- From: Simon Sapin <simon.sapin@kozea.fr>
- Date: Thu, 17 May 2012 16:26:34 +0200
- To: Julian Reschke <julian.reschke@gmx.de>
- CC: www-style list <www-style@w3.org>
Le 17/05/2012 12:37, Julian Reschke a écrit :
> On 2012-05-17 12:12, Simon Sapin wrote:
>> RFC 3986 (the latest on URIs) only uses a subset of ASCII characters.
>> Everything else is invalid/illegal, including all characters above U+007F.
>
> ...because characters above U+007F are not ASCII characters.
Yes of course. I only wanted to point out that it is easy for authors to
write something that is not valid according to RFC 3986.
> Also, my understanding is that HTML5 doesn't make anything valid that is
> invalid as IRI.
If I read correctly, compared to URIs, IRIs "only" add non-private
non-ASCII codepoints to the list of unreserved characters. In HTML5 on
the other hand, every codepoint that is not reserved or '%' is
unreserved. For example '>' is valid in the later but not in the former.
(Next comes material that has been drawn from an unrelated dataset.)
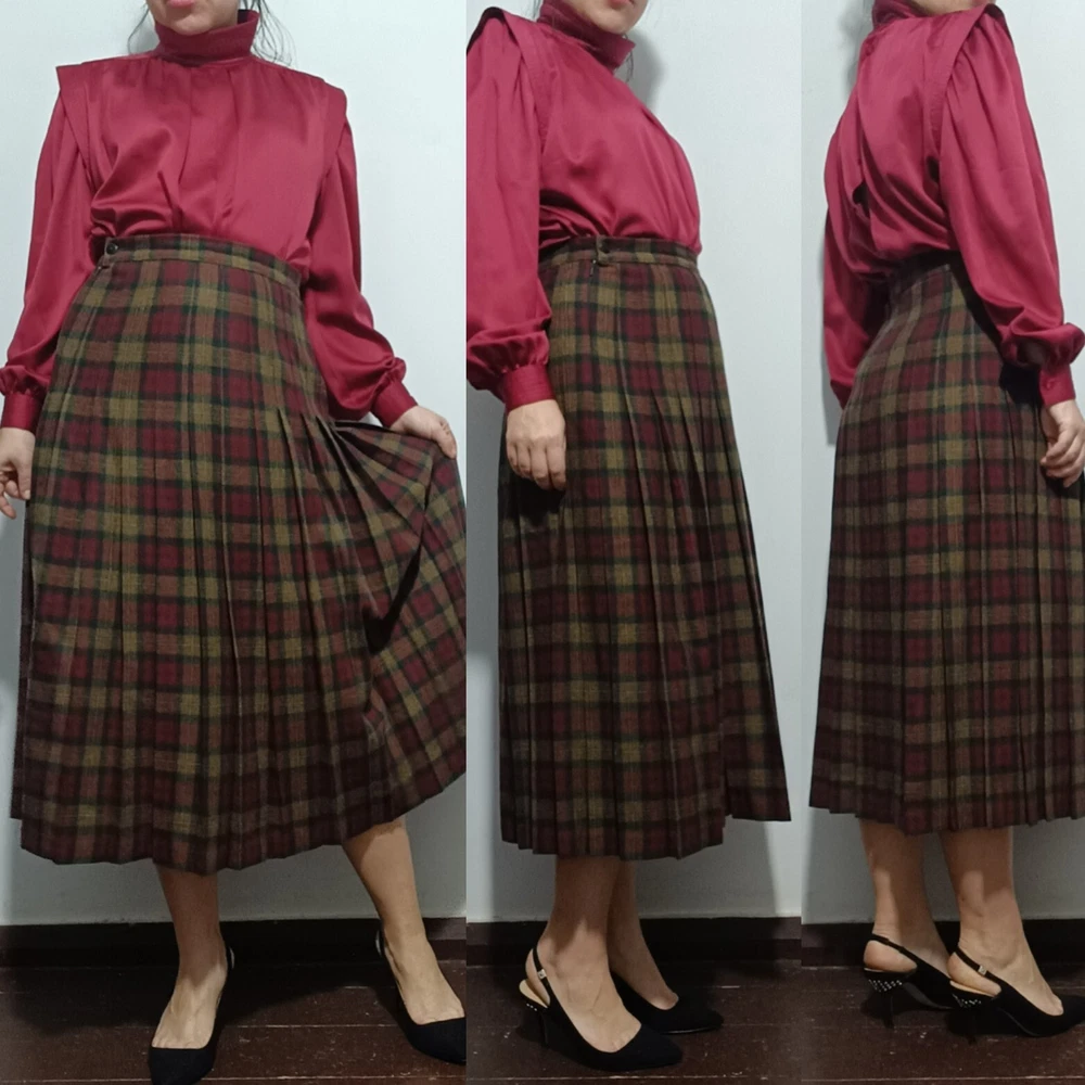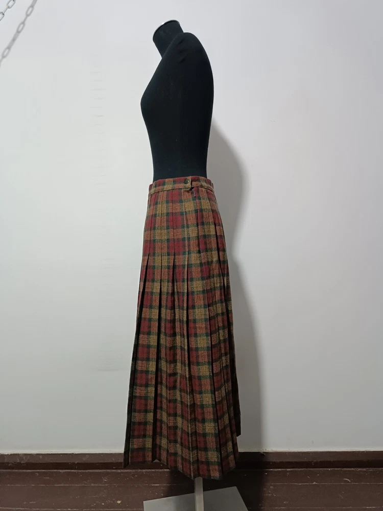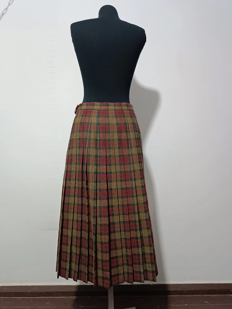 length 80 cm/31,5" width at waist half girth 36 cm/14" width at hips 72 cm/28" 100% virgin wool with quality mark, lining 100% polyester Made in Scotland.

http://tools.ietf.org/html/rfc3987#section-2.2
http://www.w3.org/TR/html5/urls.html#parsing-urls
>> For defining the<url> type, both css21 and css3-values have a reference
>> to RFC 3986. Do we really want to be that restrictive? In CSS syntax,
>> this declaration parses with a valid URI token. Should the URI inside be
>> invalid?
>>
>> list-style-image: url("Hello<世界>.png");
>
> What do implementations do with it?
Simpler test case:
http://dabblet.com/gist/2719200
<div style="background: url('>é')">
In both Firefox 12 and Chrome 18, an HTTP request is sent to %3E%C3%A9
That is, a string that is invalid in RFC 3987 ('>' is not allowed) is
accepted as valid and handled according to RFC 3987 (UTF-8 then %-encoding)
Other test case: url('%é') is turned to %%C3%A9 without a warning by the
browser, but is refused by the server with 400 Bad Request. (Both forms
are invalid, either as an IRI or URI.)
>> I suggest we relax the syntax and do something like HTML5. Maybe mention
>> IRIs and their conversion to URIs.
>
> I recommend to stick with the relevant specs, such as either URI or IRI.
I’m fine with that, as long as it is explicit in a spec.
>> 3. Make sure that all Unicode strings are parsable/valid. (I don’t know
>> if this is doable *or* a good idea.)
>
> Making something valid which is invalid "even" in HTML5 doesn't seem
> like a good idea to me.
Yes indeed.
--
Simon Sapin
Received on Thursday, 17 May 2012 14:27:10 UTC